The Turkey Twizzler thief has only himself to blame for the failure of Jamie’s Italian.
‘The world changed, the high street changed – it started to become Uber-fied… There’s that chain reaction, throw in a bit of Brexit, say the B-word, confidence goes and people’s habits changed.’
But can Brexit really be blamed? Since the Brexit vote, rising wages have held up strong consumer spending. So consumers have more cash in their pockets and are willing to part with it – they just don’t want to give it to Jamie Oliver. Why could that be?
Before Oliver blamed Brexit, he had another excuse: snobbery. Apparently, people didn’t want to go to Jamie’s because it wasn’t ‘posh’ enough. ‘If I’d have spent 13 years opening posh restaurants, I could assure you they’d all be open today’, he said to You magazine.
It’s a bit rich for Oliver to complain about snobbery, when he is the real snob here.

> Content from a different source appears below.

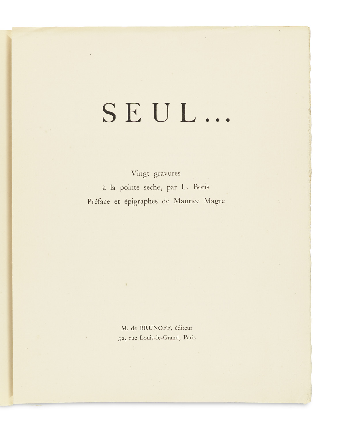 Seul ... Préface et épigraphes de Maurice Magre. 20 Tafeln mit Kaltnadelradierungen. Paris, Brunoff, 1921. 4 Bll. (Vortit., Tit., Druckverm., Vorw.), 20 Taf. Gr.-4°. Orig. franz. Br. mit kalligraphiertem lithographischem DTit. (mit Lichtrand, etwas gebräunt, mitunter leicht finger- und stockfleckig).

His concerns about ‘unhealthy’ food are dripping with class snobbery. Over the years, he has said that poor, obese people ‘think in a different gear’. He has called working-class parents who give their kids fizzy drinks ‘arseholes’, ‘tossers’ and ‘idiots’. And in unguarded outbursts he has moaned about poor people having big TVs, getting drunk on weekends, and not sitting around the table for dinner. ‘Their poverty shows in the way they feed themselves’, he once said in an interview.
Thanks to his school-dinners crusade, a whole generation blames Oliver for depriving them of their beloved Turkey Twizzlers. Others blame his sugar-tax campaigning for ruining the taste of popular soft drinks like Irn Bru and Lucozade.
Jamie Oliver’s restaurants going bust? Good, that’s what you get for ruining irn bru and original lucozade ya cunt
— Rev. I Am Jolly (@will_car86rfc1) May 21, 2019
It is Oliver’s own snobbery that has been his undoing.